- [INSTRUCTIONS FOR THE TASK]:
Lower down are entries containing pictures. Copy exactly, without those pictures, the lines from the line with "楼104举行了红鹄益站之大学" through the line with "Антитела к фосфолипидам".

- [STUDY MATERIAL]:
────────
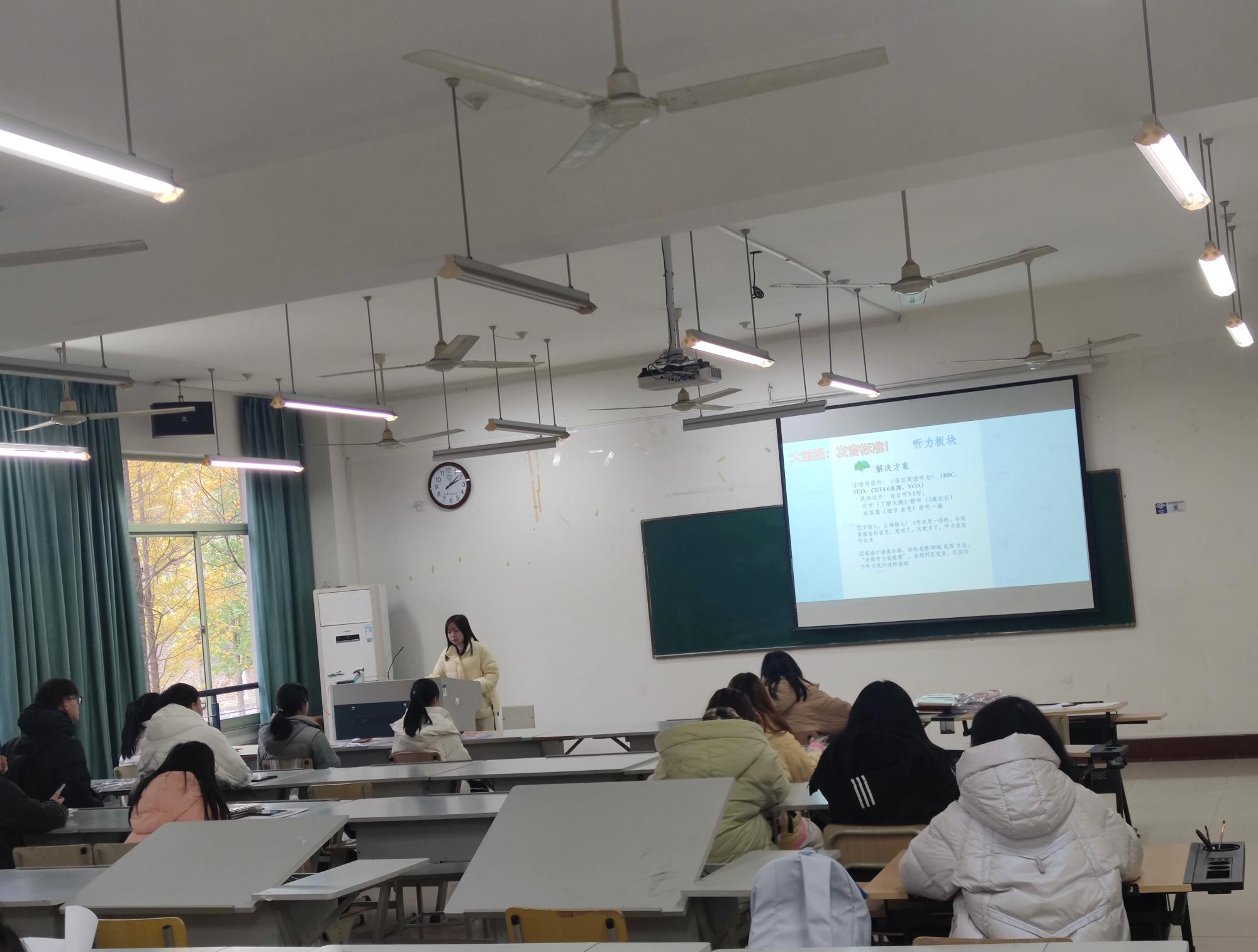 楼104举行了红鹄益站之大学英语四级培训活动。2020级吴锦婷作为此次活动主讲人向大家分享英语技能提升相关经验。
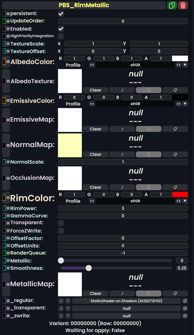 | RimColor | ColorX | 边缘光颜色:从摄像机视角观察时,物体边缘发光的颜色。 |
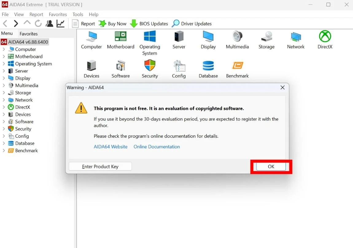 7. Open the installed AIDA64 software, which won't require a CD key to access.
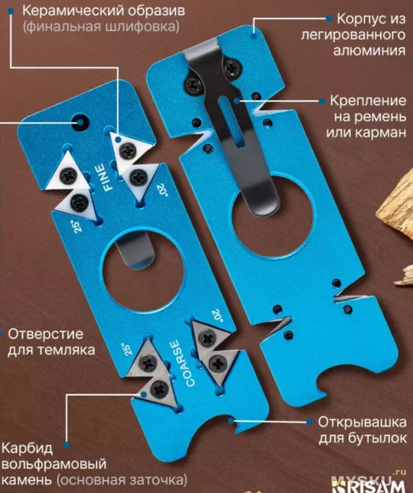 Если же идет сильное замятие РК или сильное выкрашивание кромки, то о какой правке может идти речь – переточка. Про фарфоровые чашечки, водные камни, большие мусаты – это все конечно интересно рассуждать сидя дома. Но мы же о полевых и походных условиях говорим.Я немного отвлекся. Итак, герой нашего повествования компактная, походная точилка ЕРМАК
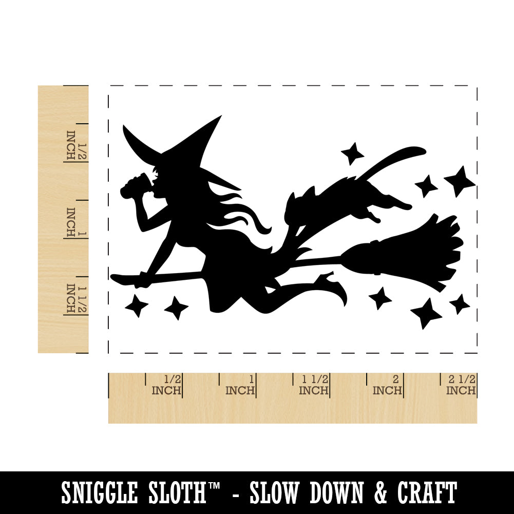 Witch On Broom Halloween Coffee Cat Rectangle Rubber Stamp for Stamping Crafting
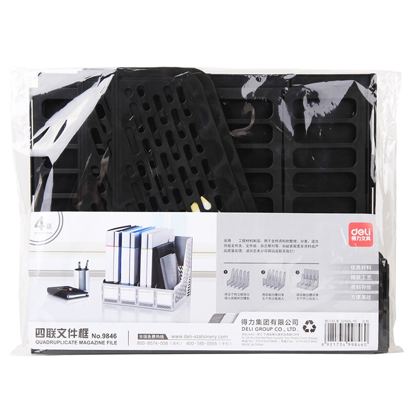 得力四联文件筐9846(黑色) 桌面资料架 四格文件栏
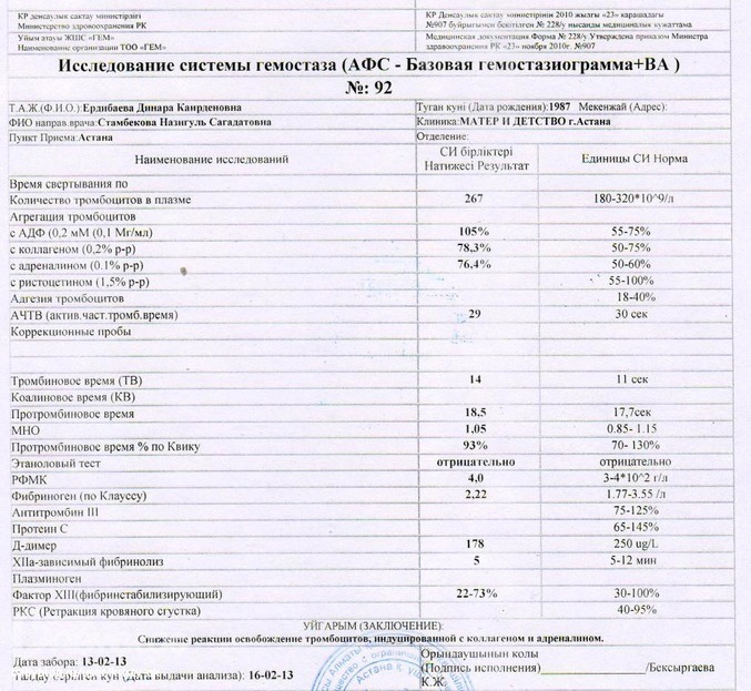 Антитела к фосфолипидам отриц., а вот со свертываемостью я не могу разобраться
────────
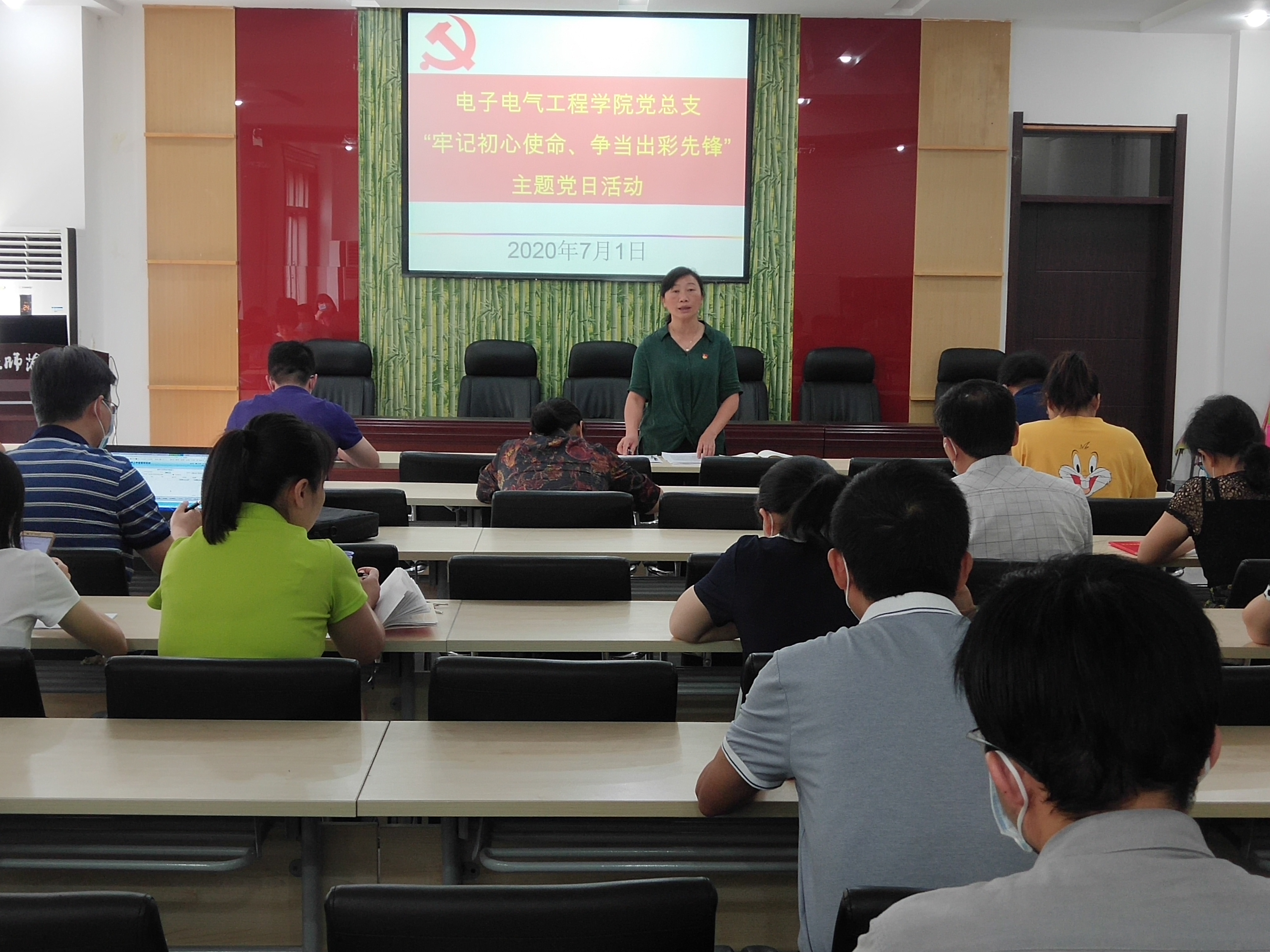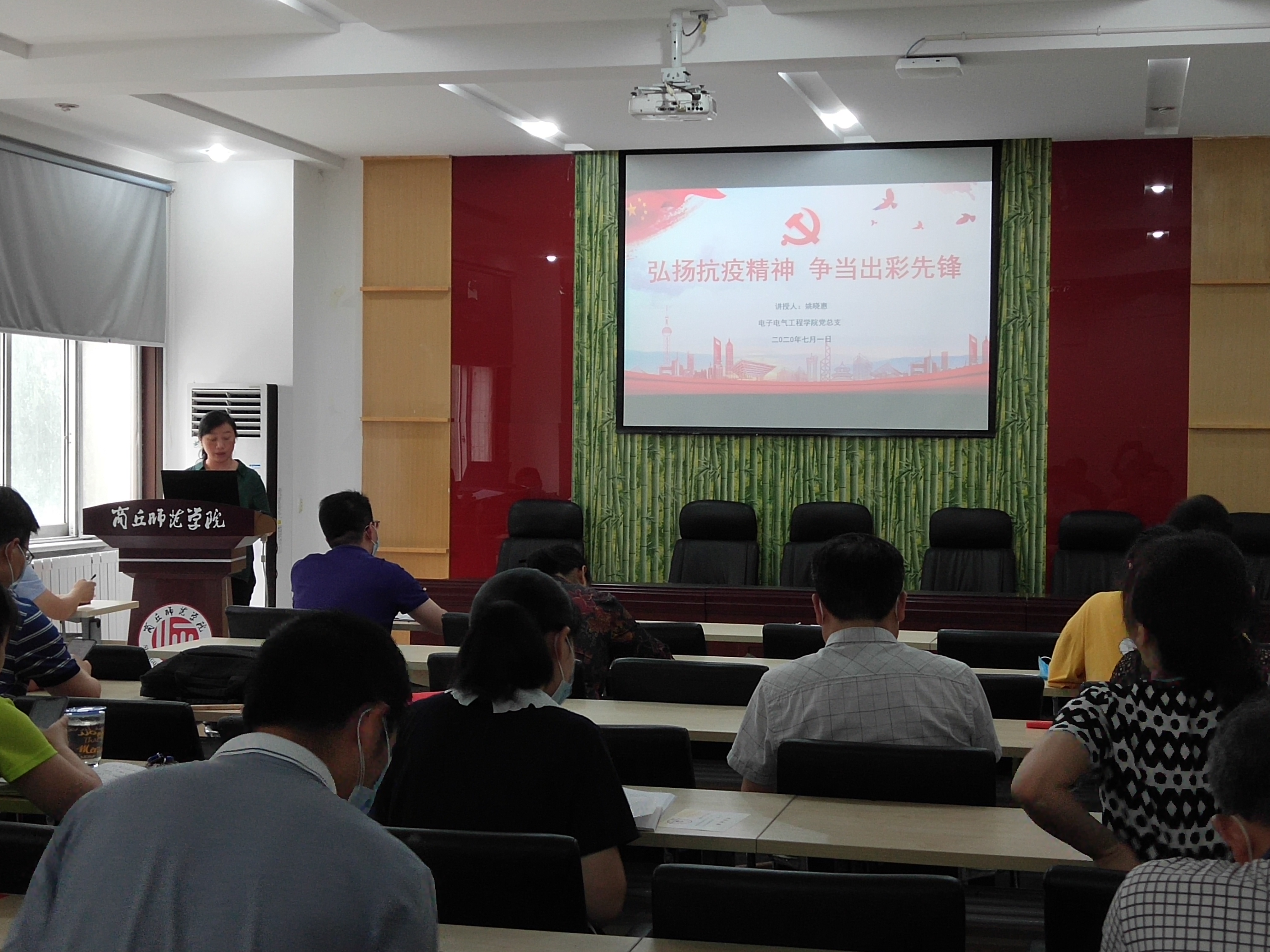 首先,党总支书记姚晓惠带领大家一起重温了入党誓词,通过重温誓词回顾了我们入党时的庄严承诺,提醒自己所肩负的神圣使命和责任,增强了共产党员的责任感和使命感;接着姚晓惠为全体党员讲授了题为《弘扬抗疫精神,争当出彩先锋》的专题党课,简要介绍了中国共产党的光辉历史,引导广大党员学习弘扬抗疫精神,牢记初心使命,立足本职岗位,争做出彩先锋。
────────
- [WRITTEN SOLUTION]:
 楼104举行了红鹄益站之大学英语四级培训活动。2020级吴锦婷作为此次活动主讲人向大家分享英语技能提升相关经验。
 | RimColor | ColorX | 边缘光颜色:从摄像机视角观察时,物体边缘发光的颜色。 |
 7. Open the installed AIDA64 software, which won't require a CD key to access.
 Если же идет сильное замятие РК или сильное выкрашивание кромки, то о какой правке может идти речь – переточка. Про фарфоровые чашечки, водные камни, большие мусаты – это все конечно интересно рассуждать сидя дома. Но мы же о полевых и походных условиях говорим.Я немного отвлекся. Итак, герой нашего повествования компактная, походная точилка ЕРМАК
 Witch On Broom Halloween Coffee Cat Rectangle Rubber Stamp for Stamping Crafting
 得力四联文件筐9846(黑色) 桌面资料架 四格文件栏
 Антитела к фосфолипидам отриц., а вот со свертываемостью я не могу разобраться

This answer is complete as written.